• **Exercise**: Restate word for word the entries below, starting with the line with "This document provides" and continuing through the line with "Başbakan Adnan Menderes, 1956’da". Include both of those lines and no others.

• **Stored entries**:
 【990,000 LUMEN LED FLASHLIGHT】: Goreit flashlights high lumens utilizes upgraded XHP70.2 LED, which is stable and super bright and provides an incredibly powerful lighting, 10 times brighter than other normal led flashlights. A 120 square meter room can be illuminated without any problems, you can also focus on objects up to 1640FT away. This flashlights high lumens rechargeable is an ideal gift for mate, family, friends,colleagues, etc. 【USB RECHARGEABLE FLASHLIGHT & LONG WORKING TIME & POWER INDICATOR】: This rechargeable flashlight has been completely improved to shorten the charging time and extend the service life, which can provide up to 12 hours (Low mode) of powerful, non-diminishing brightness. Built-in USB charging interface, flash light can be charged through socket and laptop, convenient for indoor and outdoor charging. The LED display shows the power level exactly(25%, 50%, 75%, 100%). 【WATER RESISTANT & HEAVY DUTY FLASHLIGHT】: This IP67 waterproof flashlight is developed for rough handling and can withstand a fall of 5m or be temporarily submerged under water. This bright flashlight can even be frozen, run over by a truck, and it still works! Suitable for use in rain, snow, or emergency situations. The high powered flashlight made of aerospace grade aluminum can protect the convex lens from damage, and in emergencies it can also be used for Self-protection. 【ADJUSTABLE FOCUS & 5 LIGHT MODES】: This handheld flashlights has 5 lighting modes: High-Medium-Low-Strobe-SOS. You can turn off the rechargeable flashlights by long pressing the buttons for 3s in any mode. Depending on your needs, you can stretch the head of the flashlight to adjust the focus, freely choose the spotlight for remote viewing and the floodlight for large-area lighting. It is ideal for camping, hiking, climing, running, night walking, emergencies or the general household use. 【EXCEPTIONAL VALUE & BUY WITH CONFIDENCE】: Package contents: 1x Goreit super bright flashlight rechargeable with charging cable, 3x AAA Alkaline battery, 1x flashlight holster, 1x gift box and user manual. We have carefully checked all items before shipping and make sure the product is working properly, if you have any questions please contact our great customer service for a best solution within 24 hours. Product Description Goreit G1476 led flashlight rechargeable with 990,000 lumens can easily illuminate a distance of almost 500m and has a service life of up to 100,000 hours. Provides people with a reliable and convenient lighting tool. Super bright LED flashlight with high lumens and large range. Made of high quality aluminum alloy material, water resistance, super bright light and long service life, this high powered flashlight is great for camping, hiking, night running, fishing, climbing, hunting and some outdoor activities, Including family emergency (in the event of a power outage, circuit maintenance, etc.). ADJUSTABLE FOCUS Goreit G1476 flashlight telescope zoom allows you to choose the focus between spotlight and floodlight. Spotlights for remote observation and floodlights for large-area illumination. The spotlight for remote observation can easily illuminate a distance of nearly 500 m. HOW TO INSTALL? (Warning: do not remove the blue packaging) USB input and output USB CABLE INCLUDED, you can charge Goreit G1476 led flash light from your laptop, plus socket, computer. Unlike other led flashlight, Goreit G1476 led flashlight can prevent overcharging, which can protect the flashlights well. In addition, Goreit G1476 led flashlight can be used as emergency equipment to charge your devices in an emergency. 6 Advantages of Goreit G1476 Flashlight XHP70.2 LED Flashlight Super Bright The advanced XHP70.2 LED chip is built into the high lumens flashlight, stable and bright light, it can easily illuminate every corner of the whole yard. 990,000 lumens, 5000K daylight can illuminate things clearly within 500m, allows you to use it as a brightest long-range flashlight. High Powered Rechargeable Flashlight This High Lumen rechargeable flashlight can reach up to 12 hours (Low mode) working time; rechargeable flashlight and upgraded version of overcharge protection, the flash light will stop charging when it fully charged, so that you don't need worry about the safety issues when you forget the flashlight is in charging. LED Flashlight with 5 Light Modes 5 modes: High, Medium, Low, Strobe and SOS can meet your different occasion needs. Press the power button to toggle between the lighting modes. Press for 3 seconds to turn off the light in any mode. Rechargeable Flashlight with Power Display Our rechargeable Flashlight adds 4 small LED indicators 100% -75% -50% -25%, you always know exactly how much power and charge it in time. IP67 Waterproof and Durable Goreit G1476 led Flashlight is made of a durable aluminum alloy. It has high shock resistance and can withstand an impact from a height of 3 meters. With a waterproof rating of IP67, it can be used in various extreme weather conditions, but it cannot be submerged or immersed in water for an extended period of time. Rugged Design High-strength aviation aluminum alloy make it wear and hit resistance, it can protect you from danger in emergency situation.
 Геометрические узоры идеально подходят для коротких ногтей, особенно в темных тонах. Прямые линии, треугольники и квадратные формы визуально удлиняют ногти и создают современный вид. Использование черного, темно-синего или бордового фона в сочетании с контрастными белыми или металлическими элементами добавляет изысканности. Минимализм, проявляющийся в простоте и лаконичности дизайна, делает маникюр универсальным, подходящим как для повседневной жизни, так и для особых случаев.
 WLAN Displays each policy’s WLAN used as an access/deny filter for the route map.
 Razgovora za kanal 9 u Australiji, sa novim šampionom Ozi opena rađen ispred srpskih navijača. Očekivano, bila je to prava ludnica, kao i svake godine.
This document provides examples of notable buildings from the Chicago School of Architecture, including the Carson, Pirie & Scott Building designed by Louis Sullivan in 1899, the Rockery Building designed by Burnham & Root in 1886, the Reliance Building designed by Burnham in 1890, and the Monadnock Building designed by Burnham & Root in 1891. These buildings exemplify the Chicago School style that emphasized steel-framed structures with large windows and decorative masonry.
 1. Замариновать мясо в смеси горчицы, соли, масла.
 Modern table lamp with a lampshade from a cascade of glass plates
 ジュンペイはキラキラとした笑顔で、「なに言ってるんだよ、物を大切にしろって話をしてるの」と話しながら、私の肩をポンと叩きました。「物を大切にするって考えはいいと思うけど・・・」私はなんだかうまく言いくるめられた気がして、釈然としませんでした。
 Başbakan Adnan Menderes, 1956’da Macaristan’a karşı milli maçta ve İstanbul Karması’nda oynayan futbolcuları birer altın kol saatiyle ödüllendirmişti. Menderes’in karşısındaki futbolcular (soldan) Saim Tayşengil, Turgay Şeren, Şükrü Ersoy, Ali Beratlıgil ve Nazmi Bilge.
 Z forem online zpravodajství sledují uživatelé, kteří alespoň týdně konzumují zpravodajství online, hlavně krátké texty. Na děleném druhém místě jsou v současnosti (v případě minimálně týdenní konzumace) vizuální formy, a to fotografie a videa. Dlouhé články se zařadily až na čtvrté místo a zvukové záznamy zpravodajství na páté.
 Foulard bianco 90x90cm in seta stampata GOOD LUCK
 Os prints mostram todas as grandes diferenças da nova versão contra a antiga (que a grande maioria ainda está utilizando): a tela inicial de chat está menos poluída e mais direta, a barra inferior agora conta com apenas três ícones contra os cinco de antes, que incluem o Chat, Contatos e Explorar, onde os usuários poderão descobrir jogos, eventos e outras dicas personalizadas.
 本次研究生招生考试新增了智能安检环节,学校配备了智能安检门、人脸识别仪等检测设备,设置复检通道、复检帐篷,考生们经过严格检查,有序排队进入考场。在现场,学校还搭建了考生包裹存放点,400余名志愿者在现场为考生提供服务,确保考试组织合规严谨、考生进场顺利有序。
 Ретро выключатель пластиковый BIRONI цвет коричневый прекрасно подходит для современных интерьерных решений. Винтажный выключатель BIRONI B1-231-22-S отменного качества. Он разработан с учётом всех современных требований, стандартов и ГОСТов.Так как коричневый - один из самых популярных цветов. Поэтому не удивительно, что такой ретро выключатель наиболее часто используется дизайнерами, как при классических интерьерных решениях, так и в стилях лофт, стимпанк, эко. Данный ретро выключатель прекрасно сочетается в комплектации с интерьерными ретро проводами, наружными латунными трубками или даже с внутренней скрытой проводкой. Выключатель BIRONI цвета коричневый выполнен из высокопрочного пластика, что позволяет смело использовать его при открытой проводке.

• **Response for this exercise**:
This document provides examples of notable buildings from the Chicago School of Architecture, including the Carson, Pirie & Scott Building designed by Louis Sullivan in 1899, the Rockery Building designed by Burnham & Root in 1886, the Reliance Building designed by Burnham in 1890, and the Monadnock Building designed by Burnham & Root in 1891. These buildings exemplify the Chicago School style that emphasized steel-framed structures with large windows and decorative masonry.
 1. Замариновать мясо в смеси горчицы, соли, масла.
 Modern table lamp with a lampshade from a cascade of glass plates
 ジュンペイはキラキラとした笑顔で、「なに言ってるんだよ、物を大切にしろって話をしてるの」と話しながら、私の肩をポンと叩きました。「物を大切にするって考えはいいと思うけど・・・」私はなんだかうまく言いくるめられた気がして、釈然としませんでした。
 Başbakan Adnan Menderes, 1956’da Macaristan’a karşı milli maçta ve İstanbul Karması’nda oynayan futbolcuları birer altın kol saatiyle ödüllendirmişti. Menderes’in karşısındaki futbolcular (soldan) Saim Tayşengil, Turgay Şeren, Şükrü Ersoy, Ali Beratlıgil ve Nazmi Bilge.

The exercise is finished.